Compartir dignifica realmente a la persona humana porque con ello participa en la misma dinámica de Dios, que renuncia a su alta dignidad para hacerse débil por nosotros
Siguiendo en el Evangelio, Jesús ante la extraña petición de mediación que le hacen, advierte sobre el peligro de la avaricia, esa que no solo “rompe el saco” sino también las amistades y las familias. Una vez más, el Señor va al fondo de la cuestión. De nada servía servir de árbitro en ese pleito, si la ambición de dinero iba a permanecer en ellos.
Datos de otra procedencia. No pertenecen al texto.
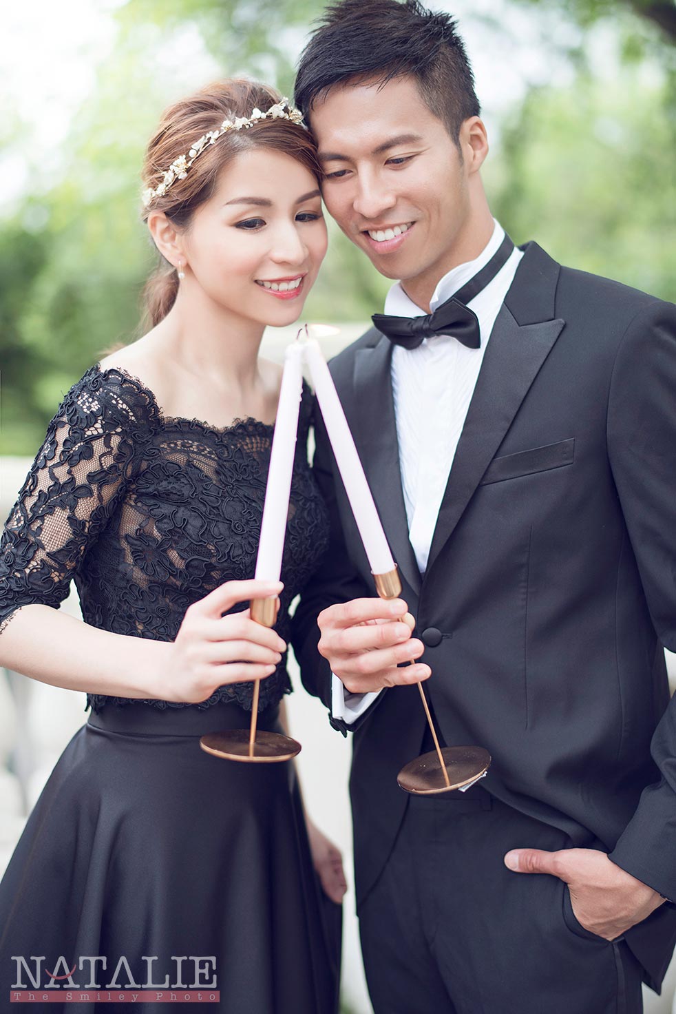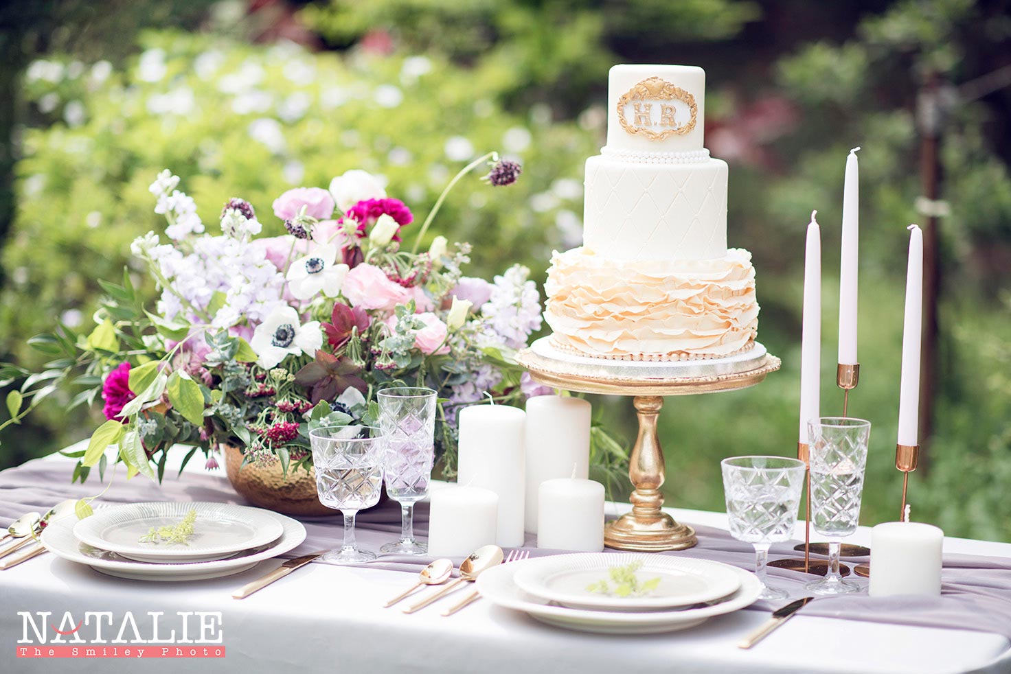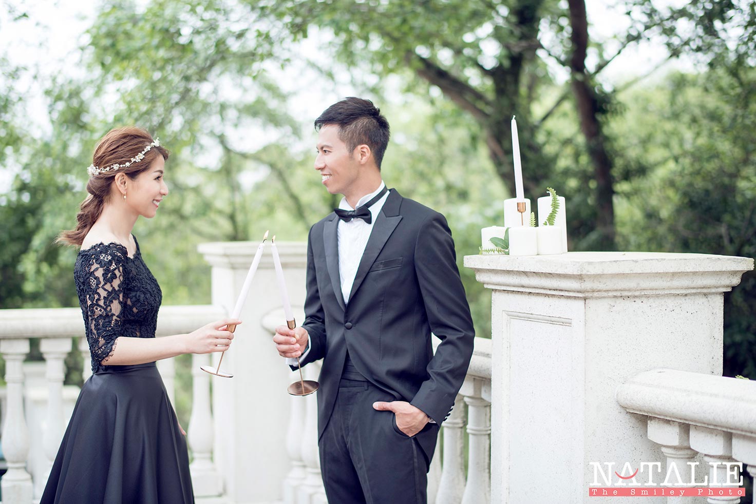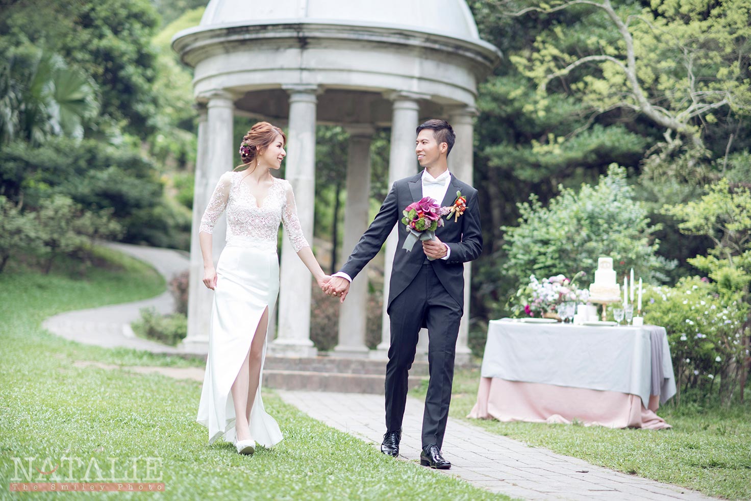 Helen 跟我見面的時候,說起她喜歡做甜品,當時我也沒想到她那是她「非常專業的」興趣。由於想配合精緻的甜品,我們一開始便決定做一個小庭園西式餐桌的佈置。直到拍攝那天,她把親手做的結婚蛋糕搬出來時,我們都目定口呆了,完全不輸專業的蛋糕師傅呀。

Quien es codicioso nunca se sacia, siempre quiere más; vive para acumular, no para compartir. La ambición desmedida es pues un pecado que empobrece no solo a los demás, sino, en otro modo, al mismo ambicioso. La vida no depende de las riquezas “para sí”, sino de los bienes compartidos. Y la pregunta puede ser, ¿dónde está el beneficio de ese compartir con los demás? ¿No es eso una actitud bonita pero que nadie cree? Porque el mundo que vivimos lo que enseña y practica es la acumulación. Curiosamente, ideologías de signos opuestos coinciden en absolutizar el dinero y el placer como fines últimos de la persona. Bien, pues eso expresa un equivocado concepto del ser humano, muy alejado de lo que los libros sapienciales y el Evangelio nos enseña. Compartir dignifica realmente a la persona humana porque con ello participa en la misma dinámica de Dios, que renuncia a su alta dignidad para hacerse débil por nosotros. Dios, que no tiene cosas, se ha dado a sí mismo por medio de su Hijo, nuestro Señor. Nosotros, aprendamos a darnos del todo, compartiendo las cosas que tenemos. Los bienes materiales, son por tanto un medio y no un fin. El ser humano solo puede ser saciado por Dios mismo y lo que a Dios le agrada, como lo experimentó ya en el siglo IV San Agustín.
Los bienes y la vida misma son un don de Dios. La generosidad de Dios no es solo un gesto de lo que le sobra, sino expresión de su mismo corazón
En el ambiente judío, llamaban mucho la atención las palabras de Jesús, porque en algunas corrientes rabínicas la abundancia de bienes expresaba la bendición divina. Frente a eso, son múltiples los pasajes en los que se nos invita a no ser indiferentes frente a la necesidad de los demás, es decir, estamos llamados a tener una actitud contraria a la del rico Epulón. Los bienes y la vida misma son un don de Dios. La generosidad de Dios no es solo un gesto de lo que le sobra, sino expresión de su mismo corazón. La sabiduría del corazón de Dios nos enseña a “no atesorar para nosotros mismos”, sino a “amar a Dios y guardar sus mandamientos”.